Lord of the dead. Master of haunts.
Trina drove the starcycle away, but another stream of ectoplasm from the planet latched onto the bike. Blaze cut them loose with his ax as a softball-sized chunk of rock slammed into his chest. Without the nanotech holding him in place, it would’ve crushed his chest and flung him away. But both his armor and the starcycle’s modified seat kept him safe.
This whole scenario was so messed up.
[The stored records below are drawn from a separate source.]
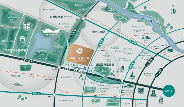 ——两大龙头片区引领 助推城市界面更新,雍景致臻天府位于“国宾—茶花”两大片区交汇的中心位置,享两大片区政策发展红利,依托科创服务、生态人文等布局,赋能区域发展,助推打造高品质城市界面,升值潜力大。湖园头排:自成都提出“公园城市”概念以来,先后于主城打造三大天府级公园,分别是天府广场的天府文化公园、天府新区的天府中央公园及城西国宾板块的天府艺术公园。作为省市级重点工程、第31届世界大运会配套项目的“文旅高地”,天府艺术公园片区规划面积约3033亩,以金牛宾馆为核心,结合片区“三湖三坊三地标”建设,重现川西院落林环水绕的“蜀风揽胜画卷”,打造集艺术、文化为一体的城市新地标。雍景·致臻天府位于天府艺术公园头排位置,尽享片区丰富生态、文化、艺术、产业资源,打造品质人文社区。主城臻稀观景台,与国宾所望略同,凭借绝佳落位, 一览天府艺术公园全貌,与金牛宾馆天府楼观景台对湖相望
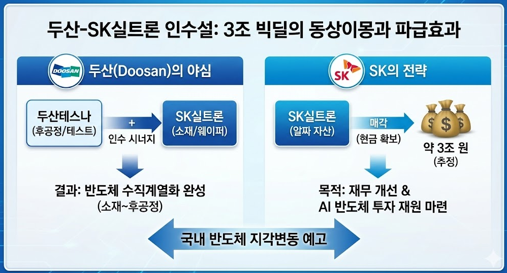 - 🏗️ 두산의 꿈: 이미 인수한 두산테스나(후공정)에 이어 소재(웨이퍼)까지 확보하여 완벽한 반도체 그룹으로 변신하려는 야심.
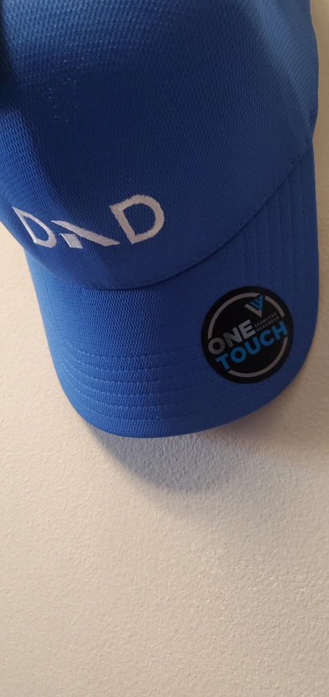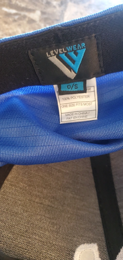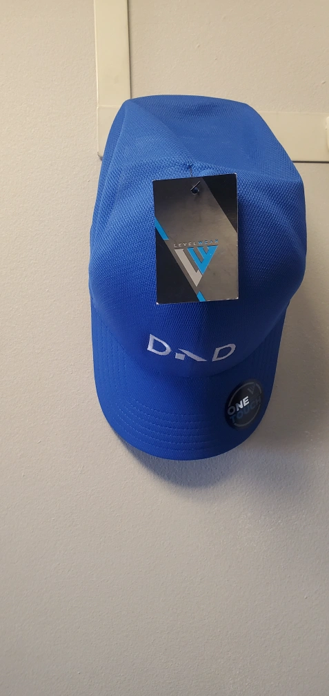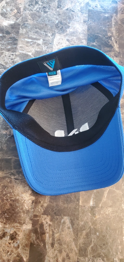 Blue hat with white DXD embroidery. Levelwear brand.
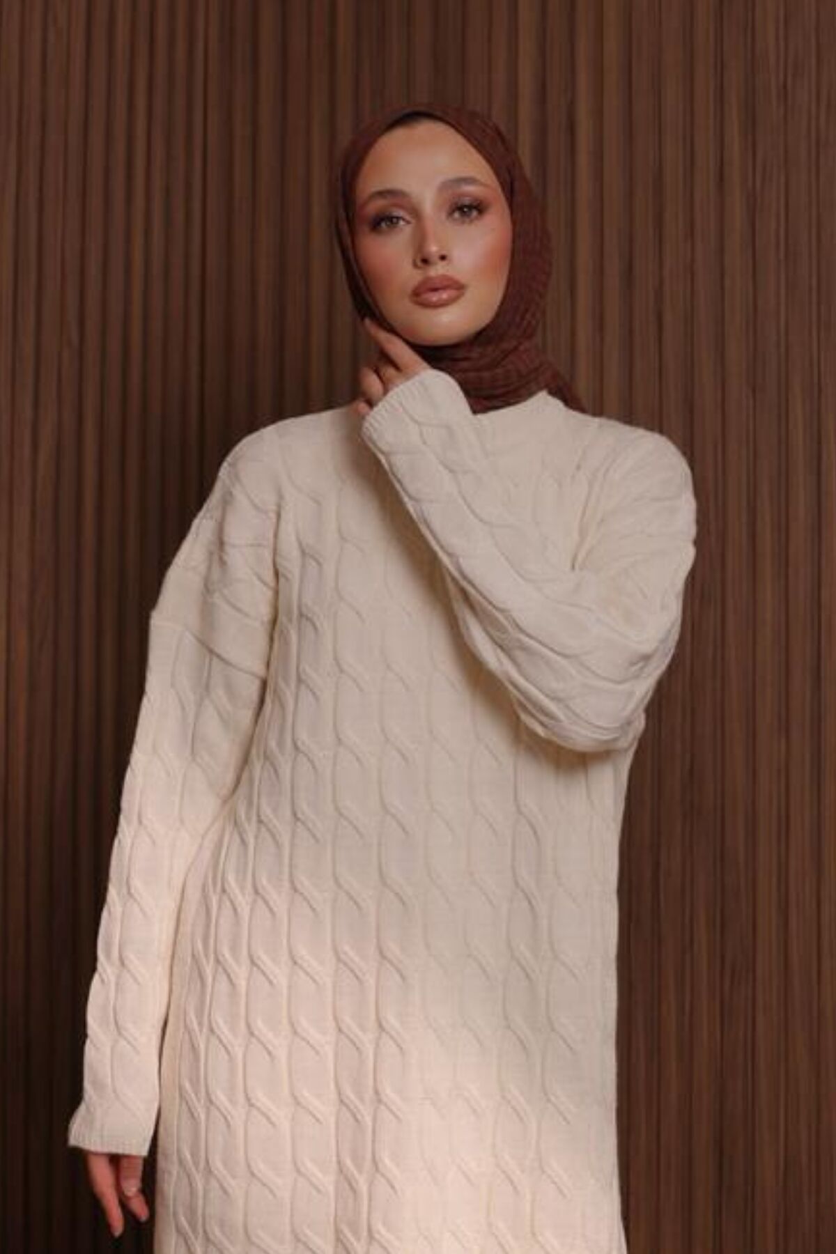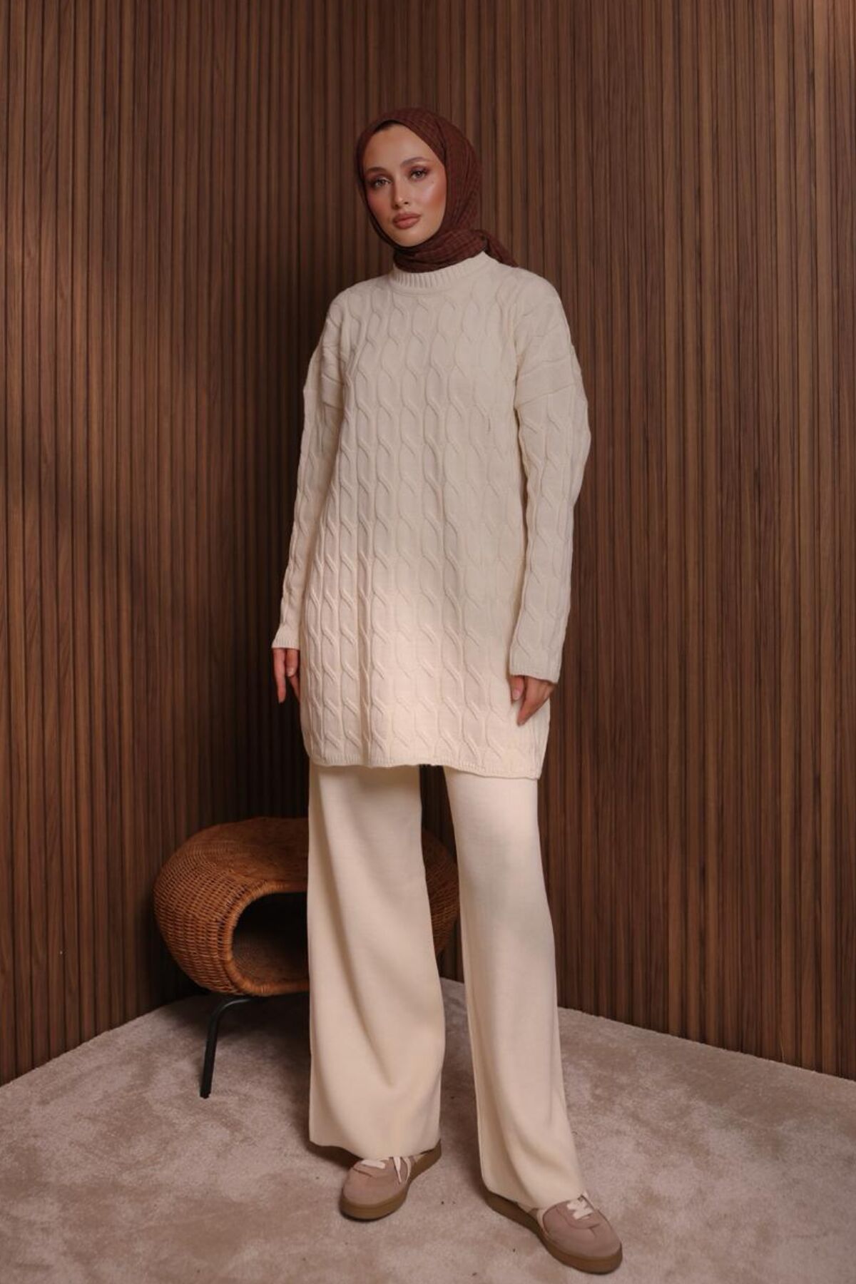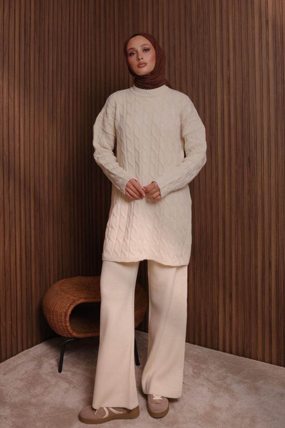 Balenbi Kadın Oversize Saç Örgü Desen Pantolonlu Tesettür Triko Takım 1135 Standart - Krem

If they didn’t get moored in liquid Onyx, then they’d be ripped apart by zombie dragons. If they survived that, the amount of debris from the colliding stars and destroyed planets would pummel them to death. If they survived that, Human zombies could latch onto them and one lucky bite would infect them.
Speaking of which, a dead woman in a funeral dress broke her fingernails trying to scratch her way into Blaze’s armor.
Blaze jacked a fresh shell into his shotgun, drove the barrel into her chest, and pulled the trigger. The impact blew her into dust and charred flesh.
A dozen other undead managed to grab hold of the bike, slowing them down, until Blaze blew them away.
A meteoroid spun toward them. Trina hit the throttle at the last minute, getting out of the somersaulting hunk of space rock’s way.
But a ton more meteoroids were incoming.
Blaze saw a photon dragon, completely a skeleton, no flesh, drifting dead in space.
He had an idea. “Trina, maneuver us into that dragon’s rib cage.”
The vampire gave the engine a little juice, and they eased inside the cage-like bones of the dead monster. Then Blaze went through the settings on the starcycle and triggered an anchor subroutine. The nanotech of the seat shot out and seized the bones, connecting the bike to the rib cage.